Né de la cuisse de Zeus unie à Sémélé, Dionysos apporte le vin aux peuples qui ne le connaissent pas encore. Il parcourt la Méditerranée avec son joyeux cortège de satyres et de ménades au son d'"évohé", signifiant "à boire" ! Parmi les dieux de l'Olympe, Dionysos est le plus proche des hommes et de leurs défauts. Il incarne à la fois les plaisirs et les excès du vin. Comme les buveurs, il peut se montrer violent et difficile à maîtriser. Les orgies qu'il préside peuvent entraîner des dérives sanguinaires, comme dans le cas d'Orphée et du roi Penthée.

Du bon usage du vin

Chez les Grecs, qui considèrent le vin comme l'origine de leur civilisation, il est également perçu comme un danger. L'ivresse menace les principes fondateurs de la cité tels que la loi, l'ordre et la modération, nécessaires à la vie en démocratie. Sa consommation est donc réglementée, tolérée uniquement dans des occasions particulières comme les Dionysies, des processions annuelles dédiées au Dieu du vin.
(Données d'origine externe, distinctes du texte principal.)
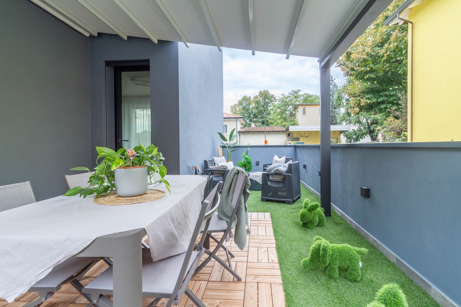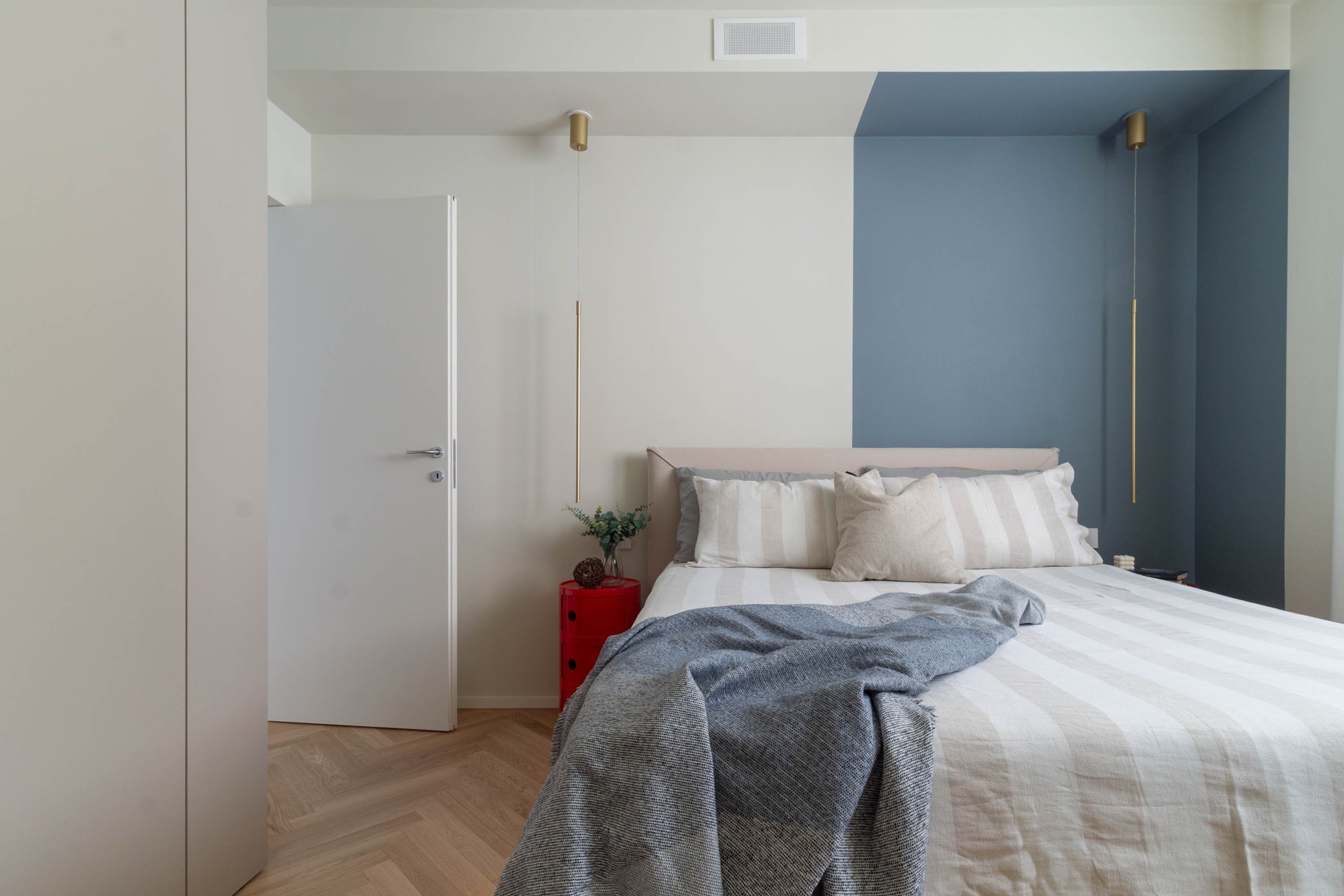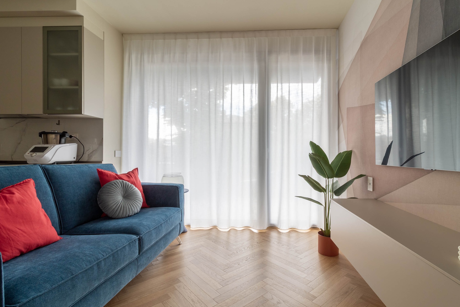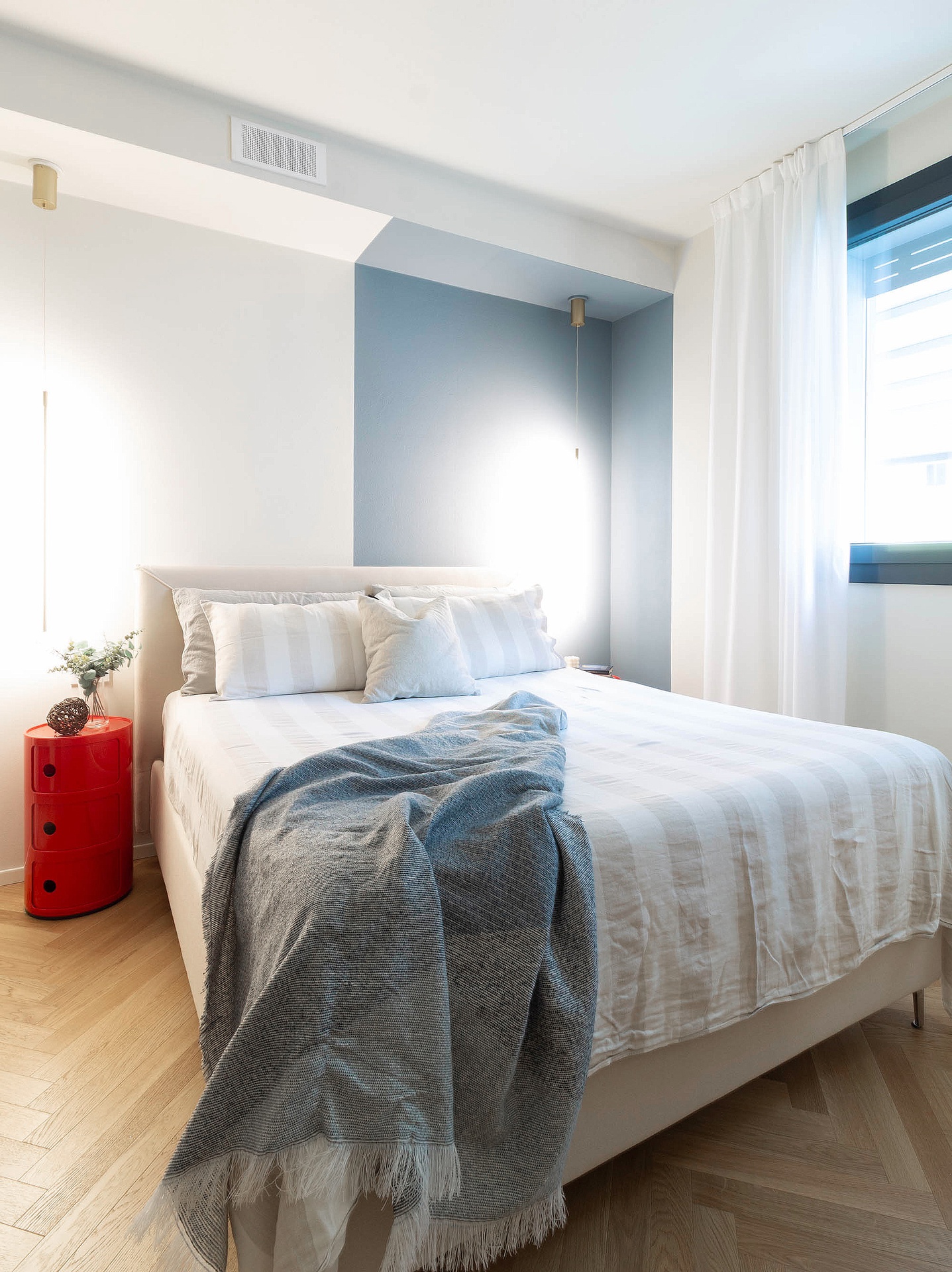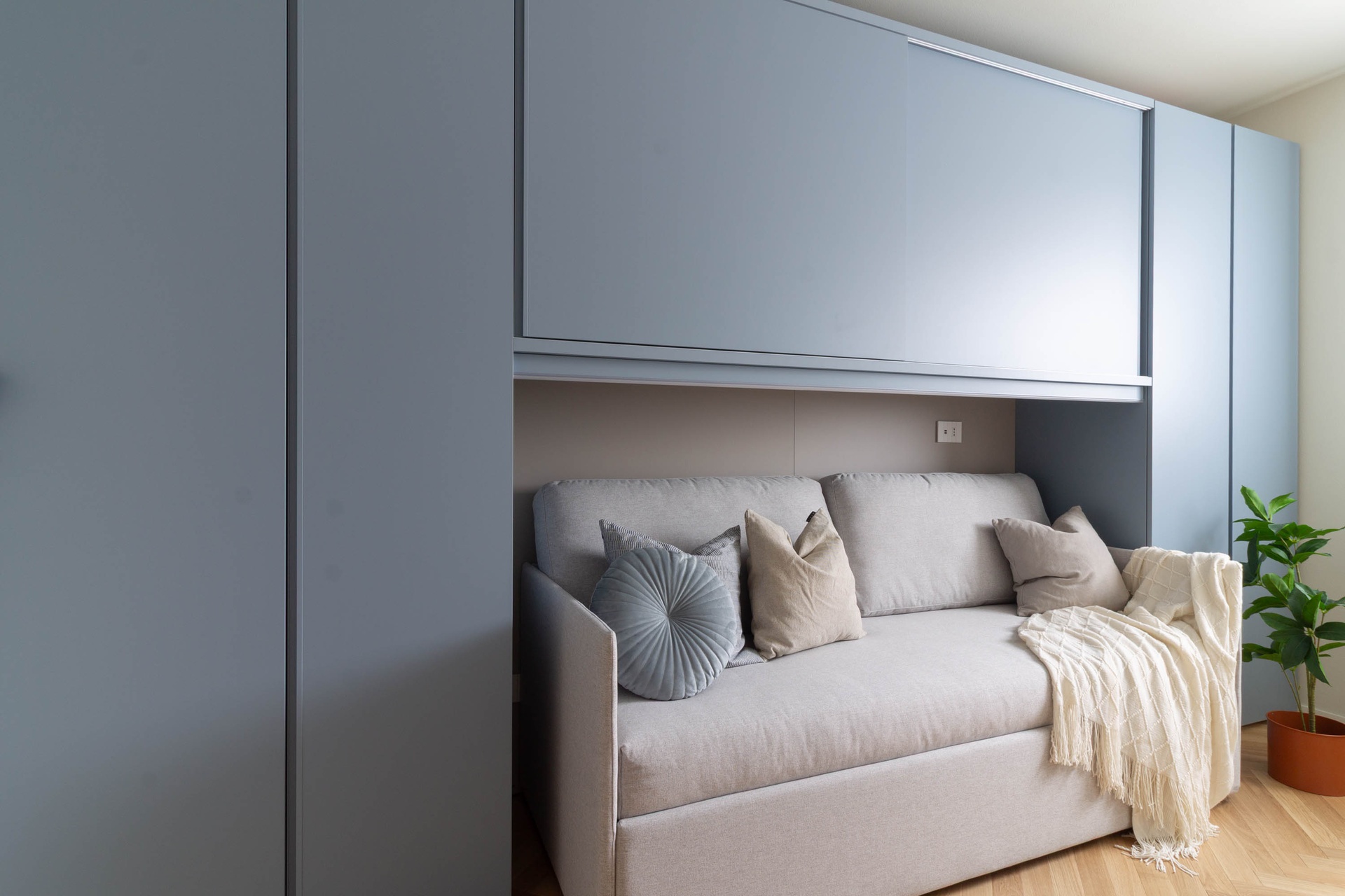 Compact CHIC è il risultato di un anno di lavoro, di cantiere e di immaginazione. Un alloggio in una palazzina di nuova costruzione, dove ho avuto il piacere di seguire ogni fase – dal progetto alla scelta delle finiture, fino all’arredo su misura.In meno di 60 mq trovano posto due camere da letto, due bagni (uno con lavanderia) e una zona giorno con cucina. A completare il tutto, uno spazio esterno trasformato da semplice terrazza in un giardino pensile con pergolato, un piccolo rifugio verde sospeso tra cielo e città.La pianta è stata studiata con estrema cura per ottimizzare ogni centimetro: ogni arredo è pensato su misura, ogni spazio dialoga con il successivo per garantire comfort e leggerezza visiva. L’obiettivo era quello di creare un ambiente che fosse al tempo stesso funzionale, accogliente e trasformabile.Gli interni giocano con il colore come elemento identitario.Le finiture, scelte tra capitolato ed extra, compongono un insieme contemporaneo e vivace, in cui la luce e i materiali dialogano armoniosamente. La carta da parati del soggiorno diventa il fulcro visivo: nasconde la TV tra i suoi riquadri e introduce una palette cromatica che si ripete con coerenza in tutti gli ambienti, legando tra loro pareti, arredi e complementi.Ogni elemento è stato pensato per moltiplicare le possibilità: il tavolo/penisola, realizzato su disegno, si estende grazie a una consolle allungabile e permette di accogliere fino a dieci persone semplicemente spostando il divano; nella camera ¾, un divano si trasforma in letto matrimoniale per gli ospiti, mantenendo intatta la pulizia formale dello spazio.Il risultato è una casa che sorprende per equilibrio e carattere: piccola nelle dimensioni, ma grande nello stile.

En privé, le vin est bu lors du symposium, la "fête du boire ensemble", qui rassemble les buveurs après les repas. Réservé à l'aristocratie puis devenu un passe-temps bourgeois et masculin, le symposium se déroule couché sur des litières (klinés) le long des parois d'une pièce. L'égalité entre les convives est symbolisée par un grand vase (cratère, lebes, stamnos) au centre de la fête. Le vin et l'eau y sont mélangés selon des proportions définies d'un commun accord entre les convives. Servi dans des vases à boire variés (skyphos, canthare, kylix, phiale, rhyton), le breuvage est accompagné de somptueux services à boire, de mobiliers luxueux, d'étoffes précieuses, de peintures murales, d'essences parfumées, de dialogues philosophiques, de jeux de société et de prostituées, contribuant à l'expérience sensorielle complète.